Я рос в доме, где не было даже «Анны Карениной». Тютчева, Фета, Блока я читал по книгам, взятым у знакомых, почти как урок скажем, по полчаса утром перед школой. Они не давались, но я продолжал искать в них те тайные слова, которые делали их паролем взрослого мира. У знакомых же оказалась Большая советская энциклопедия, первое издание с красными корешками. Там были картинки-репродукции, но странные: угловатые, грязноватые, страшноватые, не похожие на картинки из детских книжек. Взрослые ничего сказать не могли: видно, это был пропуск в какой-то следующий, еще более узкий круг их мира. Статьи «Декадентство» и «Символизм» тоже были непонятны, хотя имен там было много. Некоторые удавалось выследить. Четыре потрясения я помню на этом пути, четыре ощущения «неужели это возможно?!» — Брюсов, Белый (книжечка 1940 г. с главой из «Первого свидания»), Северянин, Хлебников. Брюсова я до сих пор люблю вопреки моде, [305] Северянина не люблю, Хлебников не вмещается ни в какую любовь, — но это уже не важно.

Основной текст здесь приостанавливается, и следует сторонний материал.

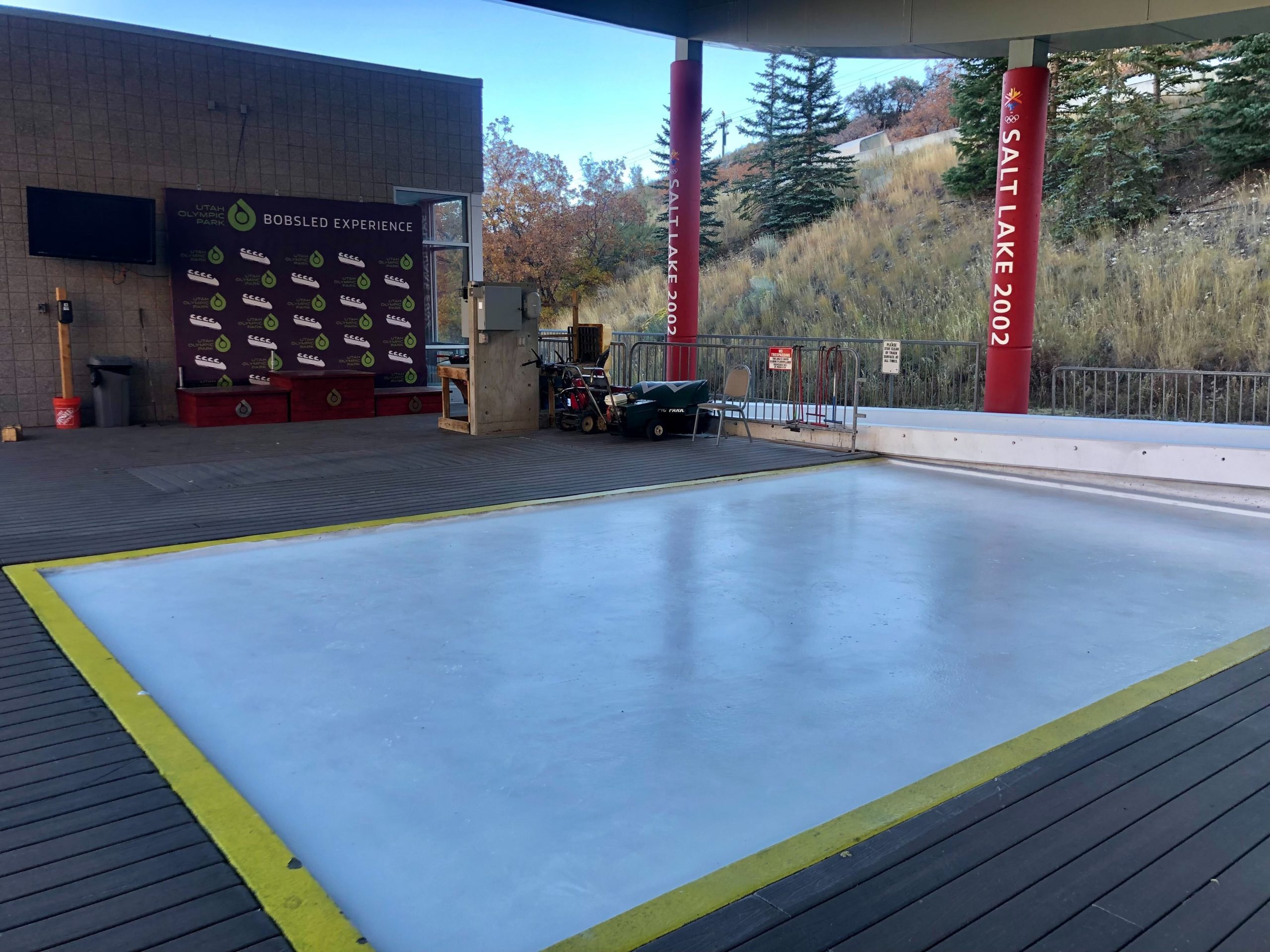 The Refrigerator Plant Supervisor is Gail Day. The two women work with the track crew to monitor and adjust hundreds of temperature readings derived from the three closed-circuit weather stations located at the track. The track crew will wear waterproof clothes and boots every day from now until April, when they flip the switch to OFF, and the ice simply melts for the summer. They also wear crampons or creepers on their feet, the metal spikes providing traction. The hazmat-certified crew works closely with the Park City Fire District to ensure safety to steer all of the track policies and procedures.

Моя мать прирабатывала перепечаткой на машинке. Для кого-то она, вместо технических рукописей, перепечатывала Цветаеву — оригинал долго лежал у нее на столе. (Как я теперь понимаю, это был список невышедшего сборника 1940 г — бережно переплетенный в ужасающий синий шелк с вышитыми цветочками, как на диванных подушках.) Я его читал и перечитывал: сперва с удивлением и неприязнью, потом все больше привыкая и втягиваясь. Кто такая была Цветаева, я не знал, да и мать, быть может, не знала. Только теперь я понимаю, какая это была удача — прочитать стихи Цветаевой, а потом Мандельштама (по рыжей книжечке 1928 г.), ничего не зная об авторах. Теперешние читатели сперва получают миф о Цветаевой, а потом уже, как необязательное приложение, ее стихи.

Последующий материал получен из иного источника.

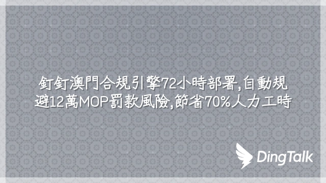 釘釘澳門合規引擎72小時部署,自動規避12萬MOP罰款風險,節省70%人力工時

«Вратами своей учености» Ломоносов называл грамматику Смотрицкого, арифметику Магницкого и псалтирь Симеона Полоцкого. Врата нашей детской учености были разными и порой странными: кроссворды (драматург из 8 букв?), викторины с ответами (Фадеев — это «Разгром», а Федин — «Города и годы»), игра «Квартет», в которой нужно было набрать по четыре карточки с названиями четырех произведений одного автора. Для Достоевского это были «Идиот», «Бесы», «Преступление и наказание», «Униженные и оскорбленные». Я так и остался при тайном чувстве, что это — главное, а «Братья Карамазовы» — так, с боку припеку. Мне повезло: школьные учебники истории я прочитал еще до школы с ее обязательным отвращением. В разделах мелким шрифтом там шла культура, иногда даже с портретами: Эсхил-Софокл-Еврипид, Вергилий-Гораций-Овидий. Данте-Петрарка-Боккаччо, Леонардо-Микельанджело-Рафаэль («воплотил чарующую красоту материнства», было сказано, чтобы не называть Мадонну), Рабле-Шекспир-Сервантес, Корнель-Расин-Мольер, Ли Бо и Ду Фу. Я запоминал эти имена как заклинания, через них шли пути к миру взрослых. Может быть, я не рвался бы так в этот мир, если бы мог довольствоваться тем, что сейчас называется детская и подростковая субкультура; но по разным причинам я чувствовал себя в ней неуютно.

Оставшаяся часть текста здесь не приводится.